CATHOLIC farmers increasingly displaced Protestants as tenants of the big landlords in the 18th century because they were able to pay higher rents, according to a new book.
In the process, they created a rural, Catholic middle class characterised by landholding and by having sons in the priesthood, according to the book, The Robinsons of North Kildare, by Mr James Robinson.
The Penal Laws had a catastrophic effect on land ownership by Catholics by, for instance, forcing them to bequeath their land equally to all their sons, resulting in uneconomical holdings, Mr Robinson writes. But they gradually gained what he calls a "competitive edge" in leasing land.
The Catholic farmer's ability to pay more rent than his Protestant counterpart was explained in these terms by one observer at the time in the early 18th century: "An Irish Papist is much abler to pay rent for a farm than a Protestant of equal ability with the Roman, by reason that a Roman and his whole family can live upon potatoes and buttermilk the whole year through for to make a rent, which the Protestant cannot do, for the Protestants must have beef and bread and much, better clothes than the Romans.

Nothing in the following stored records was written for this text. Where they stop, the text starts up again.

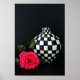 Ein Stillleben-Design mit schwarzem Hintergrund mit einer rosa Rose neben einer schwarz-weiß karierten Vase.
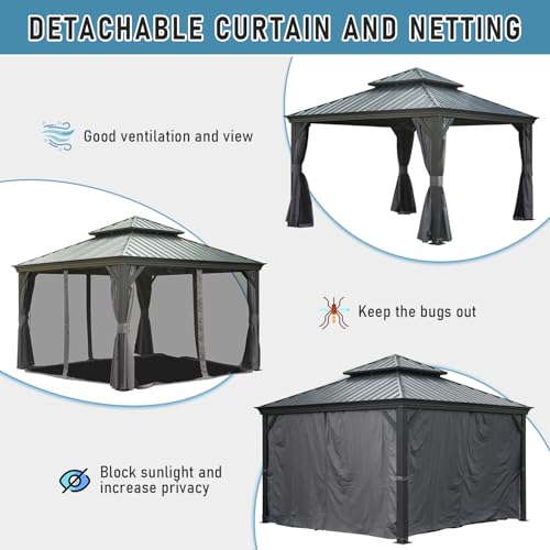 [Privacy Protection and Multiple Usage] In addition to adding privacy and shielding the area from UV rays, the detachable curtains and netting also act as an insect and mosquito barrier. Whether it's for a bigger event like a wedding or birthday celebration or just a casual get-together with friends, the permanent gazebo can provide a comfortable outdoor setting for hosting people.
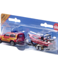 De Land Rover Defender in brandweeruitvoering is klaar voor veeleisende missies op elk terrein of het nu steile bergen, diepe kloven of ruige wegen zijn. Met zijn metalen carrosserie, robuuste kunststof chassis en sportieve rubberen banden trotseert de Defender elke route veilig, of het nu in de tuin, op de speelplaats of in een verzameling is. De lak en zilveren velgen geven hem een onmiskenbare uitstraling, terwijl het transparante zonnedak een blik in het interieur biedt. De koplampen en achterlichten zijn natuurgetrouw nagebouwd en het reservewiel aan de achterkant onderstreept zijn paraatheid. Dankzij de standaard geïntegreerde trekhaak trekt de Defender moeiteloos de meegeleverde plastic motorboot op zijn metalen trailer naar de volgende inzetlocatie. Of het nu op land of water is met deze indrukwekkende modelset staan spannende reddingsmissies niets in de weg!
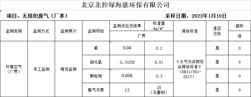 環境監測月度報表公示(無組織廢氣)

Mr Robinson continued: "Eventually, the competitive Catholic edge in bidding for leases was to undermine the Protestant tenants on many estates once landlords adopted a strictly commercial approach."
Rents and produce prices rose throughout the 18th century and "landlords were compelled to cash in on this boom by leasing to Catholic tenants and thereby removing the predominant Protestant middleman". These Catholic tenants in turn leased their land to sub-tenants "thus creating a Catholic middleman class".
Nevertheless, many visitors to the country commented on the appalling poverty in which the majority of the population lived.